From d030d5b792ea8502e7e41653918cfec2cf4be8e1 Mon Sep 17 00:00:00 2001
From: Adrian Cole <adrian@tetrate.io>
Date: Sun, 10 Oct 2021 14:26:36 -1000
Subject: [PATCH] Authenticate when downloading draft release assets

Signed-off-by: Adrian Cole <adrian@tetrate.io>
---
 .github/workflows/release.yaml | 11 +++++++----
 1 file changed, 7 insertions(+), 4 deletions(-)

diff --git a/.github/workflows/release.yaml b/.github/workflows/release.yaml
index 00f60d4e..0a1d8da1 100644
--- a/.github/workflows/release.yaml
+++ b/.github/workflows/release.yaml
@@ -80,7 +80,7 @@ jobs:
         run: |
           gh release download "${GITHUB_REF#refs/tags/}" -p '${{ matrix.pattern }}'
           ${{ matrix.unzip || 'tar -xzf *.tar.gz && rm *.tar.gz' }}
-        env:  # authenticate as the release is a draft
+        env:  # authenticate release downloads as drafts are not public
           GITHUB_TOKEN: ${{ secrets.GITHUB_TOKEN }}
 
       - name: "Run e2e tests using draft `func-e` binary"

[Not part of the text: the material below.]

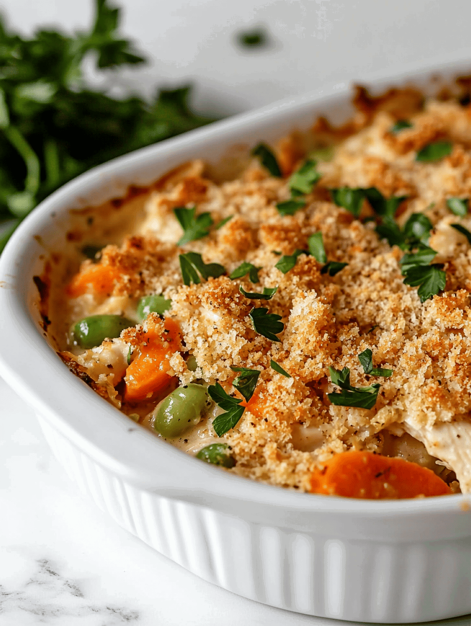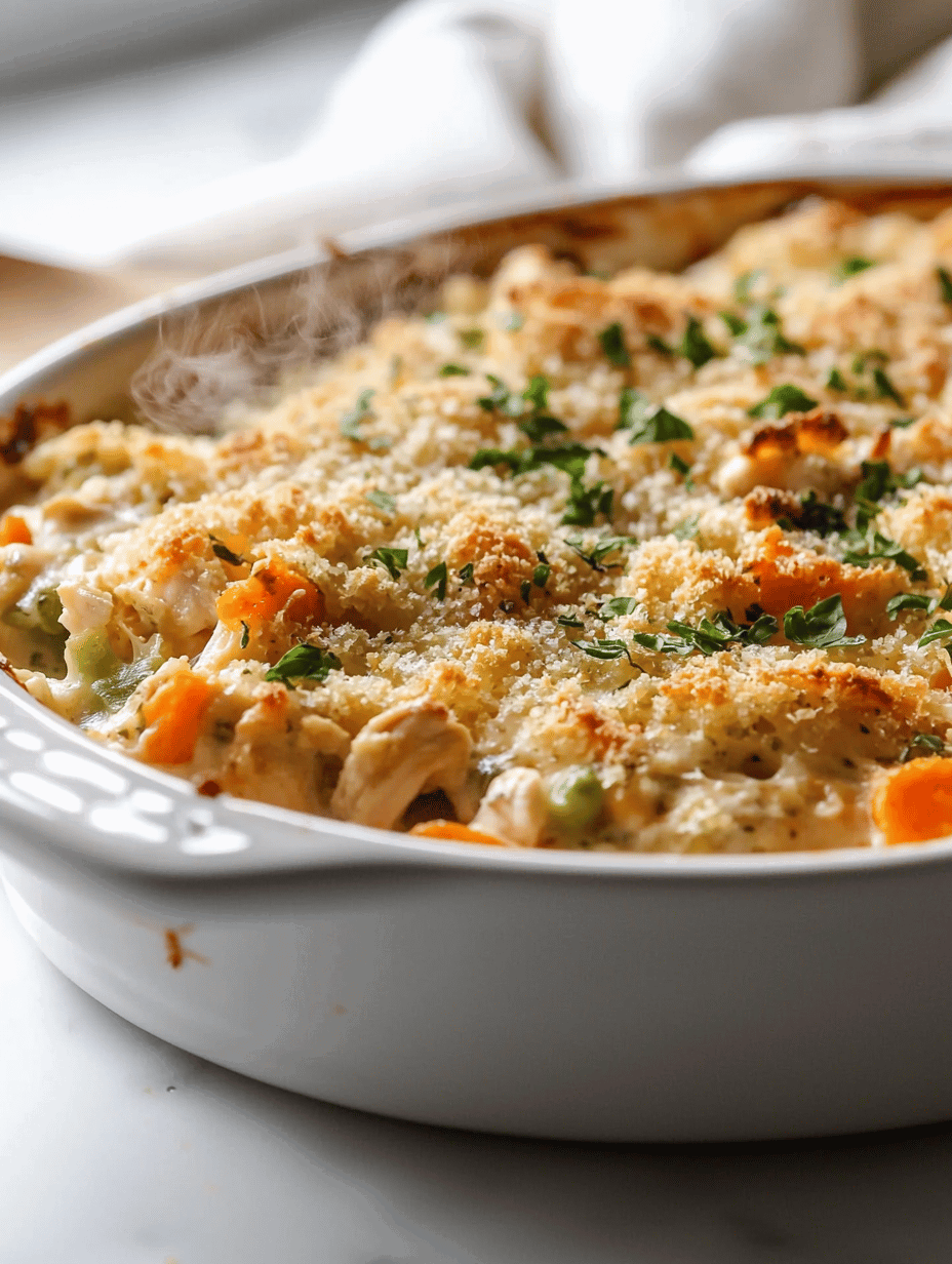 Fall is a season of transition and this casserole fits right into the rhythm of shorter days and longer nights. It’s an invitation to pause and savor meals that bring comfort without demands. The combination of tender chicken, seasonal herbs, and cheesy topping make every serving a small celebration of autumn’s bounty.

@@ -102,11 +102,14 @@ jobs:
         run: |
           gh release download "${GITHUB_REF#refs/tags/}" -p '*linux_amd64.deb' -D dist
           packaging/nfpm/verify_deb.sh
+        env:  # authenticate release downloads as drafts are not public
+          GITHUB_TOKEN: ${{ secrets.GITHUB_TOKEN }}
 
       - name: "Test RPM package (CentOS)"
         if: runner.os == 'Linux'
-        run: |
+        run: |  # Note: the naming convention is intentionally different for RPM: x86_64 not amd64!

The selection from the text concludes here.